Yasmeen Hany, Hossein Keshavarz, Pigi Kouki
19 April 2023
3 min read
In our two previous posts, we looked at graph-based and neighborhood-based recommender systems. We focused on generating recommendations using only user-item interactions, an approach known as collaborative filtering.
However, more information is usually available, which can drive a content-based approach. For example, a movie recommendation is usually based on information about the movie itself, such as the genre and actors.
The content-based approach can be combined with the collaborative filtering approach to create what is known as a hybrid recommender system. The most popular example of a hybrid recommender system is Netflix.
To recommend movies to users, Netflix uses both the watching habits of similar users (collaborative filtering), as well as movie characteristics, such as genres the user previously showed interest in (content-based filtering) to make recommendations.
Example of the hybrid approach.
Previously, we modeled the user-item interactions as a bipartite graph consisting of two node types: User
and Movie
. In this example, we are using the content-based approach, where the graph is augmented by a new node type: Genre
.
In other words, we now deal with a tripartite graph, shown in the figure below. Note that the tripartite graph model can easily be extended into richer graphs by adding more node types, for example, actor, director, and so on.
The tripartite graph representation of the MovieLens dataset.
This additional node type is modeled in Rel as a value type as follows:
entity type Movie = Int
entity type User = Int
value type Id = Int
value type Name = String
// add genre value type definition (a genre is identified by its id)
value type Genre = Int
After defining our additional node type, we need to modify the Movie
entity by adding the edge has_genre
that connects a Movie
to its genres
.
The has_genre
relation assumes there is another relation movie_info(movie, movie_name, genre_id)
that contains movie names and genres (a movie can be assigned multiple genres). The data in the movie_info
relation is provided by MovieLens.
// update
module movie_info
// entity node: Movie
def Movie =
^Movie[m : watched_train(_, m)]
// edge: has_id
def has_id(movie, id) =
movie = ^Movie[m] and
id = ^Id[m] and
watched_train(_, m)
from m
// edge: has_name
def has_name(movie, name) =
movie = ^Movie[m] and
name = ^Name[n] and
watched_train(_, m) and
movie_info(m, n)
from m,n
// edge: has_genre
def has_genre(movie, genre) =
movie = ^Movie[movie_id] and
genre = ^Genre[genre_id] and
movie_info[movie_id, _, genre_id]
from movie_id, genre_id
end
// store the data in the `MovieGraph` base relation
def insert:MovieGraph = movie_info
We can now use the relation has_genre
to compute similarities using similarity metrics such as cosine, jaccard, and dice.
There is one core difference between the item- and user-based approaches and the content-based approach. In the content-based approach, we calculate similarities using the relation has_genre
which contains (movie, genre) pairs, instead of the relation rated_t
which contains (movie, user) interaction pairs.
For the rest of this implementation, we follow the same pipeline as in our neighborhood-based approach.
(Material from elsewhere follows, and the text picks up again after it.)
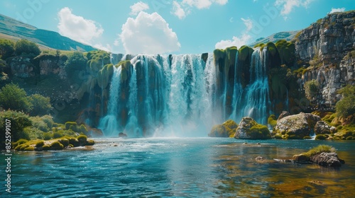Naklejka premium Breathtaking view of a serene waterfall cascading into a clear, blue river...

Below is a sample run that generates recommendations and evaluates them using the content-based method:
with MovieGraph use has_genre, rated_t, Movie
with MovieGraph_test use evaluation_sample, User
def k_neighbors = 20
def rating_type = :binary
def k_recommendations = 10
// (movie, user)
def ratings = rated_t
// (movie, genre)
def content_information = has_genre]
def approach = :item_based
// define the (movie, genre) undirected graph
def G = undirected_graph[content_information]
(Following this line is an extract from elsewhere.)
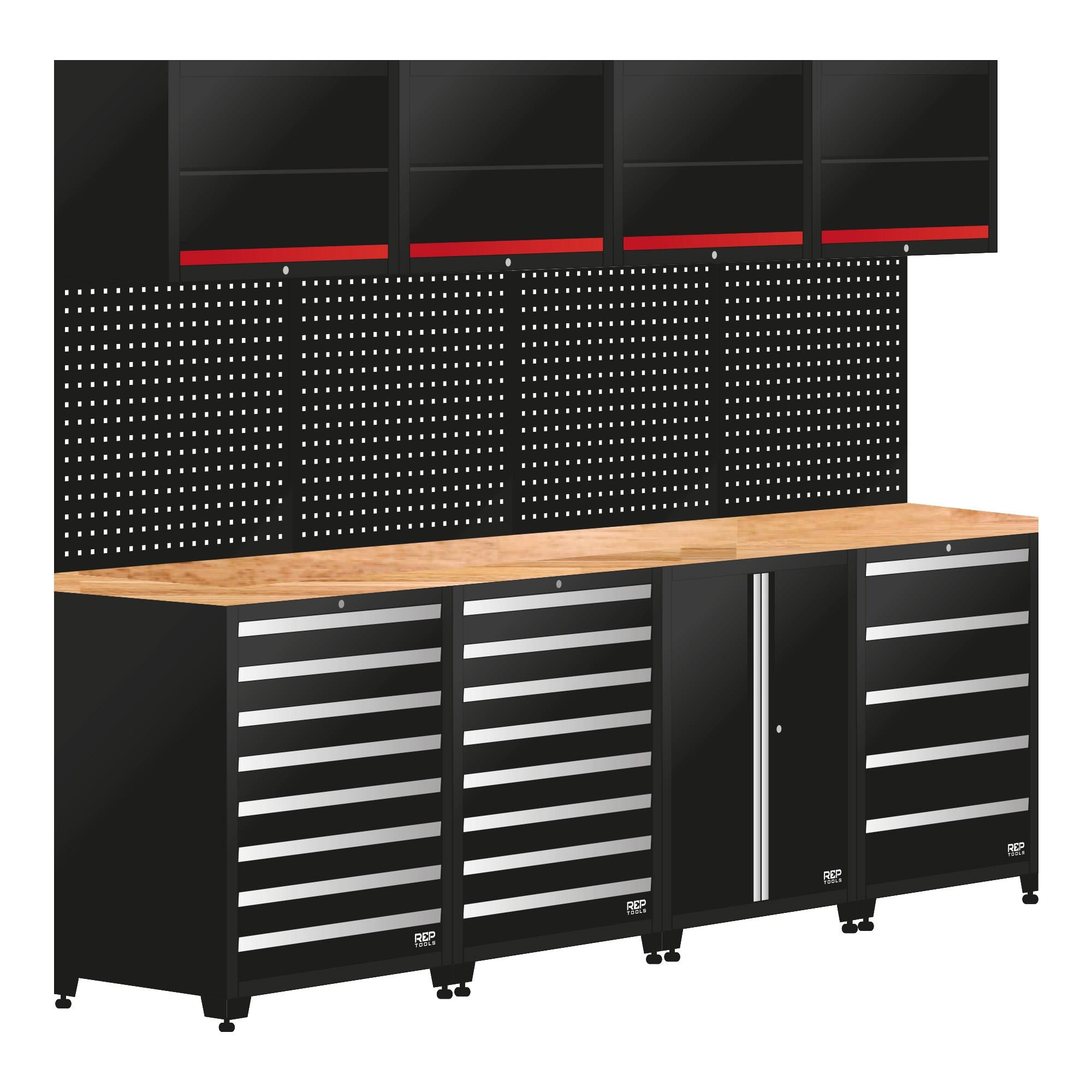 Die Werkstattwand wird durch 4 Hängeschränke komplettiert. Die Hängeschränke lassen sich mithilfe von Gasdruckfedern einfach und lautlos auf- und zumachen. Dank des Dämpfungsmechanismus ist ein sanftes Schließen der Schrankklappen garantiert. Zusätzliche Sicken in den Klappen geben optimale Stabilität. Edelstahlscharniere verhindern ein leichtes Ausbrechen der Schrankklappen. Die Hängeschränke werden inklusive je einem Fachboden geliefert, der für eine maximale Belastung von 15 kg ausgelegt ist.

with rel:graphlib[G] use jaccard_similarity
def sim[m1, score, m2] =
score = -jaccard_similarity[m1, m2] and
Movie[m1] and Movie[m2] and
m1 != m2 and
abs[score] != 0
def get_item_scores = pred[approach, rating_type, k_neighbors, rated_t, sim, top_k]
def top_k_recommendations(user, rank, movie) =
top[k_recommendations, get_item_scores[user]](rank, score, movie)
from score,pos
def predicted_ranking = top_k_recommendations
def target_ranking = MovieGraph_test:rated
def output = average[precision_at_k[k_recommendations, predicted_ranking[u], target_ranking[u]] <++ 0.0 for u where User[u]]
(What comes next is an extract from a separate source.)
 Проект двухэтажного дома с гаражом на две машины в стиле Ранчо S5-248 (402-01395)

The Netflix model uses a hybrid approach, which computes the similarity between distinct items by combining user- and item-based approaches and content-based filtering.
This idea is materialized in Rel by defining a module named hybrid_feature
. This module takes the following parameters as input:
@outline
module hybrid_feature[M, C, W]
def rated_value_binary(movie, user, 1.0)=
M(movie, user)
def weighted_content_value(movie, genre, content_value) =
C(movie, genre) and
content_value = W
// movie, user, 1 OR
// movie, genre, content_weight
def hybrid_feature_value =
rated_value_binary ;
weighted_content_value
def hybrid_feature_value_t(feature, movie, v) =
hybrid_feature_value(movie, feature, v)
end
This hybrid feature is then used to calculate item-item similarities. Below is a sample run that generates recommendations and evaluates them using the hybrid method.
with MovieGraph use has_genre, rated_t, Movie
with MovieGraph_test use evaluation_sample, User
def shrink = 0
def k_neighbors = 20
def rating_type = :binary
def k_recommendations = 10
def ratings = rated_t
def approach = :item_based
def cw = 0.2
with hybrid_feature(rated_t, has_genre, cw) use hybrid_feature_value
def hybrid_information(movie, feature) = hybrid_feature_value(movie, feature,_)
// define the (movie, feature) undirected graph where the feature could be a user or a genre
def G = undirected_graph[hybrid_information]
with rel:graphlib[G] use jaccard_similarity
def sim[m1, score, m2] =
score = -jaccard_similarity[m1, m2] and
Movie[m1] and Movie[m2] and
m1 != m2 and
abs[score] != 0
def get_item_scores =
pred[approach, rating_type, k_neighbors, ratings, sim, top_k]
def test_items_scores[user, score, movie] =
get_item_scores[user, score, movie] and evaluation_sample(user, movie)
def top_k_recommendations[user, rank, movie] =
top[k_recommendations, test_items_scores[user]](rank, score, movie)
from score
def predicted_ranking = top_k_recommendations
def target_ranking = MovieGraph_test:rated
def output = average[precision_at_k[k_recommendations, predicted_ranking[u], target_ranking[u]] <++ 0.0 for u where User[u]]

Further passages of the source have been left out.